Unlocking the Free Radical Evolution for Directed Conversion of Furoic Acid to 2,5‐Furandicarboxylic Acid Over Lattice‐Distorted MnO x

Developing the efficient C─H bond activation carboxylation processes for furoic acid (FA) represents a critical technological challenge in achieving atom-economical synthesis of 2,5-furandicarboxylic acid (FDCA). Despite notable advancements in this field, the inherent contradiction between the high reactivity of furan rings and the chemical inertness of C─H bonds poses substantial technical bottleneck for achieving controllable C─H carboxylation under mild conditions.
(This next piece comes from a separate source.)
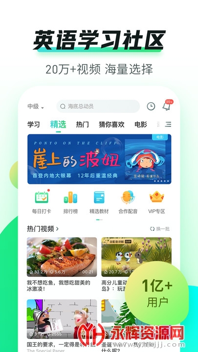准备不同学习阶段的英语短视频素材,20w+素材涵盖美剧、电影、动漫和歌曲;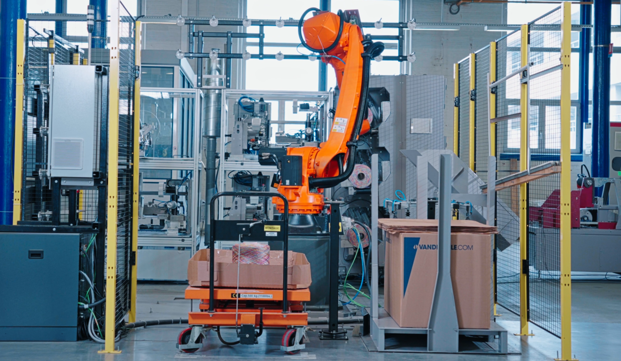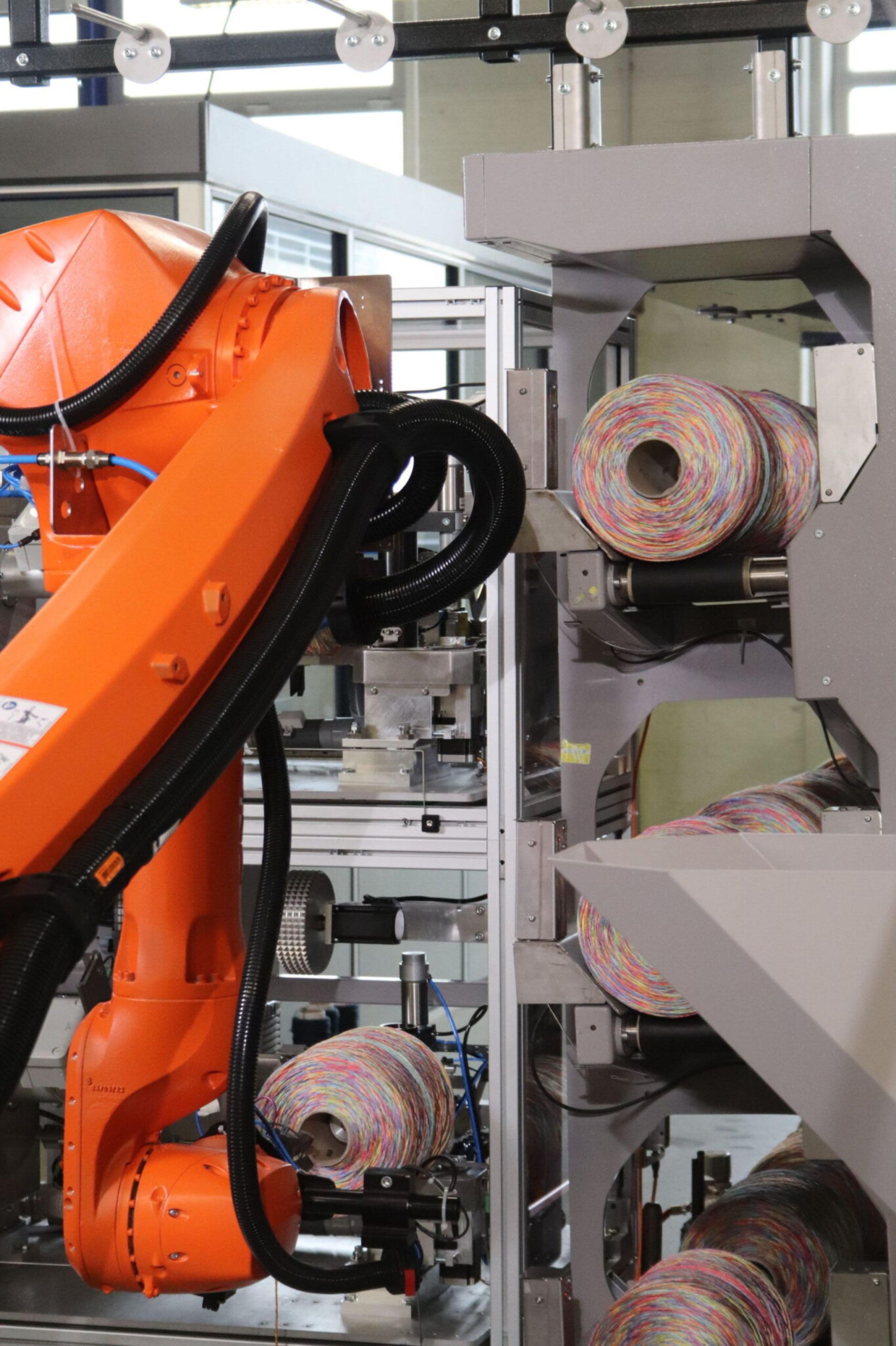 KR1 PRESENTATION VIDEOThe KR1 is an advanced robotic knotting system designed to automate yarn preparation, bobbin transfer, and package handling. It combines industrial robotics, precise control, and modular extensions to create a continuous and reliable workflow.

Herein, we report a high lattice-distorted MnOx catalyst with surface trench-like structures, wherein the Mn^δ+-O_V-conjugated configurations and electron-rich Mn²⁺ cooperatively drive FA dehydrogenation and carbon radical reduction, inducing the free radical evolution process (FA→carbon-centered FA radical→FA carbanion), then coupled with solvent-polarized CO₂ to accelerate the carboxylation process. This approach achieved an FDCA selectivity of 95.82% under mild reaction conditions (≤390 K), providing novel insights into mild activation and conversion of biomass-derived inert chemical bonds.